2.1.2. The climate system's non-linearity causes it to behave chaotically or as a complex deterministic system. It is subject to a fragile form of conditional stability, which is illustrated well by the "Strange Attractor."

2.1.2.1. The system may remain relatively stable for a long period of time, held to a close approximation of its mean state by internal negative feedbacks. For example, minor variations in energy input from the Sun may be compensated for by variations in cloud cover.

2.1.2.2. Should the system be pushed outside some tolerance range, the positive feedbacks will cause a shift (often called catastrophic) to a different stable condition. These shifts can happen over periods of time quite a bit shorter than the stable periods.

2.2. The extinction of the dinosaurs 65 million years ago was brought about by a sudden climate change. The climate change was caused by the collision of an "Earth-crossing" asteroid with the Earth. The asteroid left a crater beneath the Yucatan Peninsula more than 200 miles in diameter, sprayed millions of tons molten rock and dust into the atmosphere, and initiated a global cold, dark period that lasted for decades. Most of the Earth's plant life was dead within a few weeks, and most of the dinosaurs were dead within a few months. (Click here for an artist's impression of this event. Also see the Torino scale.) This has almost certainly occurred more than once in the history of the Earth, and it is likely to occur again. For more about current efforts to understand the asteroid/comet impact hazard, see Harvard University's List of Potentially Dangerous Asteroids, NASA's Asteroid Comet Impact Hazards assessment, and the Australian Spaceguard Survey.
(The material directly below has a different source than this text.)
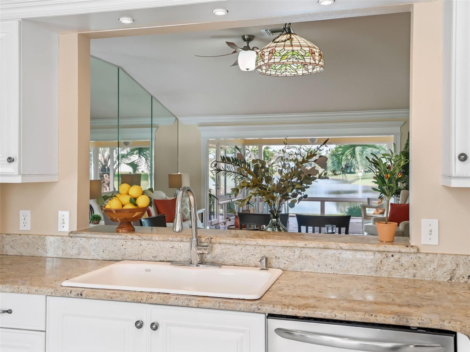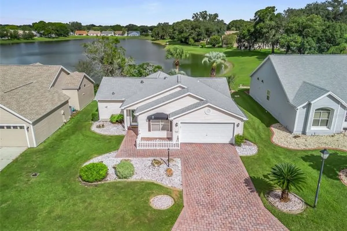 DESIGNER HOME, WATER FRONT!! NO BOND & FANTASTIC WATER VIEW!!—birds and wildlife from nearly every room! SPLIT FLOOR PLAN with an UPDATED eat-in kitchen: CROWNED WHITE CABINETS, STAINLESS STEEL appliances, & GRANITE counters, overseeing a Large combined dining/living area w/CROWN MOLDING, FLOOR TO CEILING MIRRORS that amplify light and the view, and BEAUTIFUL WOOD FLOORS... But the WOW-FACTOR of this home is the GORGEOUS FLORIDA ROOM fitted with HIGH-END WINDOWS, enhancing the VIEW. Other HIGHLIGHTS: ROOF 2021, HVAC 2019, UPGRADED FANS & LIGHTING throughout, INSIDE LAUNDRY, and Brand new carpeting in the bedrooms. The 2-CAR Garage has built-in CABINETS and an ATTIC pull-down LADDER leading to EXTENSIVE STORAGE!! Outside, a large lot showcases neat stone landscape beds with fresh mulch. PRIME LOCATION: Just a mile and a half to SPANISH SPRINGS TOWN SQUARE and 3 miles to LAKE SUMTER LANDING!!!— JUST A MILE from TONS OF SHOPPING, DINING, GOLF, RECREATION, and medical. Come ENJOY THE VILLAGES with peaceful water views, a functional layout, and quality updates in one of The Villages’ most convenient areas.
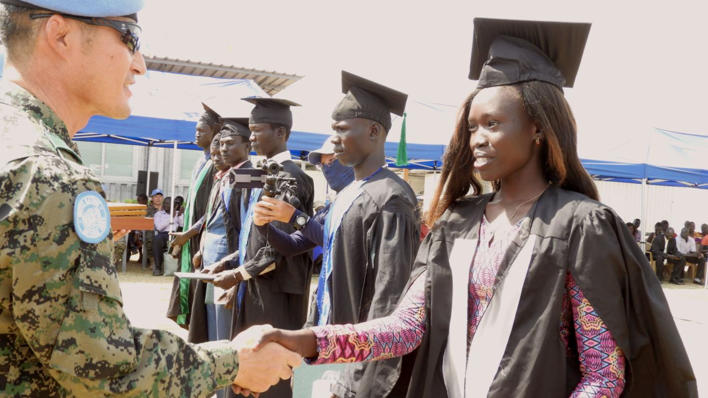 This week 69 students graduated from the Bor vocational centre created by the South Korean contingent serving the United Nations Mission in South Sudan.

2.3. Utilizing ice cores drilled from the Greenland and Antarctic glaciers, researchers have built a well-documented historical record of the Earth's climate ranging back more than 250,000 years. (Some of this research is being conducted by the University of New Hampshire's Climate Change Research Center.) The record contains evidence of long periods (many millenia) of relative stability, separated by episodes of sudden change (occurring on the scale of decades to centuries). Supporting evidence has come from records of coral growth in the tropics that have been corrected for upward and downward shifting in tectonic plates. Additional evidence comes from calcium carbonate oozes at the bottom of the ocean -- these oozes are the remains of benthic foramonifera shells, which contain oxygen isotope fractions indicative of the seawater temperature and salinity at the time of formation.


The most recent (140,000-year) record of global sea level illustrates the latest in a long-period cycle of global glaciation and warming.

Since global sea level is inversely related to the amount of ice locked up into the semi-permanent glaciers of the polar regions, it is believed that historical records of global sea level can also be interpreted as records of the Earth's mean surface temperature. (Colder temperatures -> more water locked into ice caps -> lower sea level.)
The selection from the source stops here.